◆ **Action item**: For this exercise, copy exactly the lines below from the one with "Quand les lumières" through the one with "Cupboard Pull, Black" and leave out the pictures.

◆ **Data provided**:
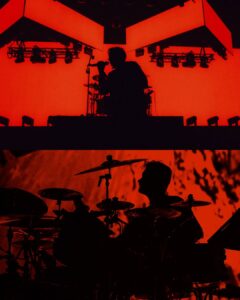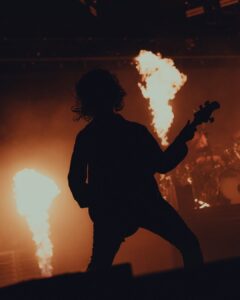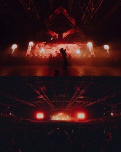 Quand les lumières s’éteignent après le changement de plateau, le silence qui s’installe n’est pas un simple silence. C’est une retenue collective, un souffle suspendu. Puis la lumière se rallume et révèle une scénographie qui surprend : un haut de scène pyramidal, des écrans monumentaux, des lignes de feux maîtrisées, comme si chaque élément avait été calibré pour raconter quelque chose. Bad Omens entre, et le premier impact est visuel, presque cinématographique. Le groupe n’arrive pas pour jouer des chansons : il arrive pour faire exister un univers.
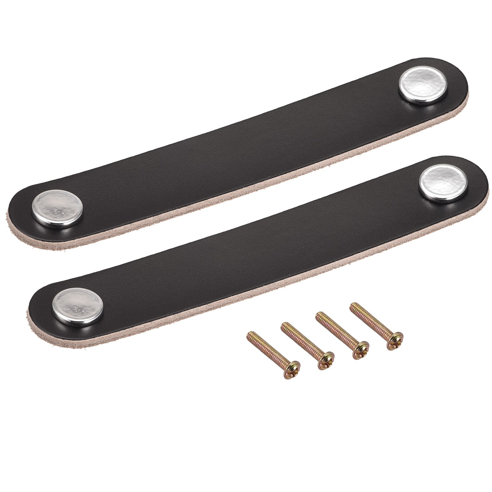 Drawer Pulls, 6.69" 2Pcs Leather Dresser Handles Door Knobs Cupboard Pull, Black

* * *

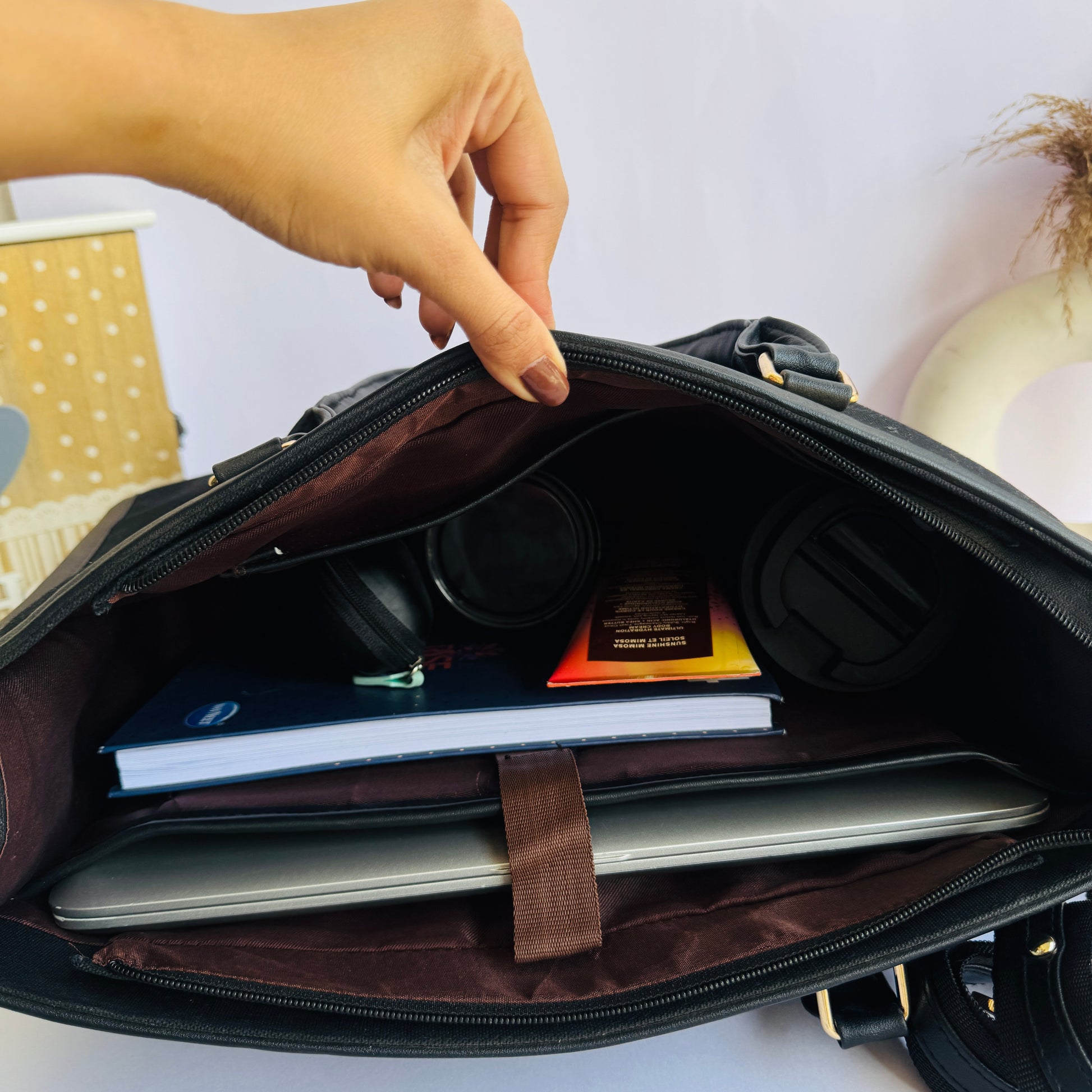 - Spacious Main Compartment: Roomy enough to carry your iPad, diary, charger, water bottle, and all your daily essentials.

---

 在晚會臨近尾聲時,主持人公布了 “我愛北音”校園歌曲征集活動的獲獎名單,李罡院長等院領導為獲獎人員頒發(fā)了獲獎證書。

◆ **Result of the exercise**:
 Quand les lumières s’éteignent après le changement de plateau, le silence qui s’installe n’est pas un simple silence. C’est une retenue collective, un souffle suspendu. Puis la lumière se rallume et révèle une scénographie qui surprend : un haut de scène pyramidal, des écrans monumentaux, des lignes de feux maîtrisées, comme si chaque élément avait été calibré pour raconter quelque chose. Bad Omens entre, et le premier impact est visuel, presque cinématographique. Le groupe n’arrive pas pour jouer des chansons : il arrive pour faire exister un univers.
 Drawer Pulls, 6.69" 2Pcs Leather Dresser Handles Door Knobs Cupboard Pull, Black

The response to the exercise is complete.